Energy consumption in the United States has changed significantly over the past hundred years, according to data collected by the EIA.
In 1908, the country consumed just 15 quadrillion British thermal units (Btu), of which 75% was coal, compared to 1997 when it totaled 94 quadrillion Btu with coal’s share of total consumption reaching only 25% and with significantly higher shares for natural gas and nuclear power.
The share of nonhydro renewable consumption is actually lower today (10%) than it was in 1908 (15%), largely because wood (technically a renewable biomass fuel) was displaced by coal. Today, solar and wind generation are increasing and make up most of the total nonhydro renewables.
As the primary transportation fuel, petroleum has remained a major component of energy consumption in the U.S. with no other fuel eating into its share as was the case with coal. The effects of affordable self-driving and/or electric vehicles remains to be seen, but will almost certainly become noticeable in the next decade.
The EIA data below shows in better detail the trending of U.S. energy consumption away from coal use and towards the use of natural gas over the last 15 years. The shift accelerated in the last few years as fracking opened up vast natural gas resources throughout the U.S. and environmental regulations favored gas for its less carbon intensive burn.
In the U.S. Energy Information Administration’s International Energy Outlook 2016 (IEO2016) and Annual Energy Outlook 2016 (AEO2016), shale gas is expected to account for 30% of world natural gas production by 2040.
Natural gas production from shale gas plays accounted for 50% of total U.S. natural gas production in 2015 and it is expected to increase all the way through 2040, according to the EIA, before accounting for 70% of total U.S. natural gas production by 2040.
Shale gas is expected to continuing growing as a percentage of world natural gas production as well.
Shale gas production is projected to account for almost 30% of Canada’s total natural gas production by 2040, more than 40% of China’s, almost 75% of Argentina’s, 33% of Algeria’s, and more than 75% of Mexico’s.
Politics may prompt faster adoption of natural gas as a replacement for coal.

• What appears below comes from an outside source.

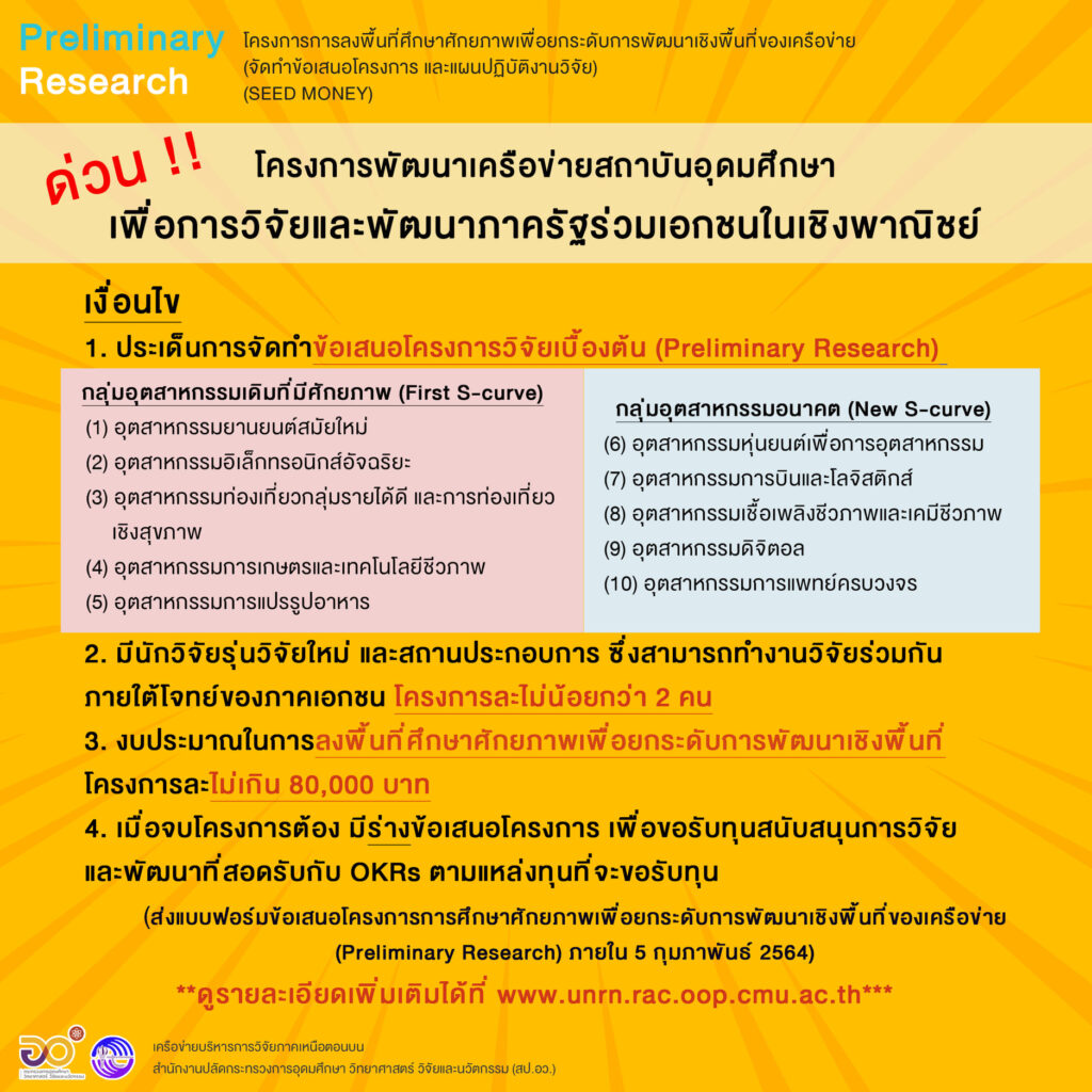 ประกาศ!! เปิดรับกรอบแนวคิดการวิจัยเบื้องต้น (Preliminary Research)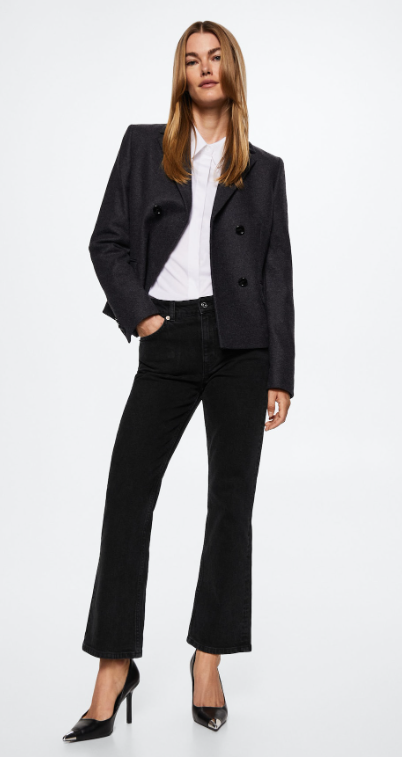 La ropa de oficina, desafortunadamente, es a la que más uso le damos a lo largo del año. Americanas, camisas, vestidos, blusas o chinos, hay toda una variedad de prendas que concuerdan con las normativas de vestimenta que implantan las empresas. Así que, si estás pensando en dar un toque de aire de fresco a tu armario te recomendamos estos jeans rectos tiro medio de Mango que sólo cuestan 29,99 euros y que están disponibles en negro y en vaquero. ¿Qué tiene de especial este jean? Pues su diseño acampanado que tan de moda está, además de su largo por el tobillo y su tiro medio.

In the EU, the European parliament is already taking steps to enable faster carbon reductions in Europe’s emissions market. A environment committee panel is scheduled to vote on Dec. 8 on a package of legislation that could, among other things such as restructuring overlapping policies and allowances, mean a cut in emission permits. Should such a cut occur, natural gas is the cheapest “clean” alternative to the coal that currently powers much of Europe as it gives off roughly half the emissions per unit of power produced.
Meanwhile, the stance the U.S. government takes on carbon emissions and, by extension, coal.
The two presidential candidates have energy policies on opposite ends of the spectrum of climate change argument. On one hand, the Democratic nominee would continue the Obama administration’s current policies including the Clean Power Plan that would have the EPA limit carbon emissions from power plants. On the other hand, the Republican nominee would attempt to end those policies. The latter scenario would certainly be less harsh for coal companies. That said, natural gas usage would certainly increase under both, just much more so under the Democrat than the Republican.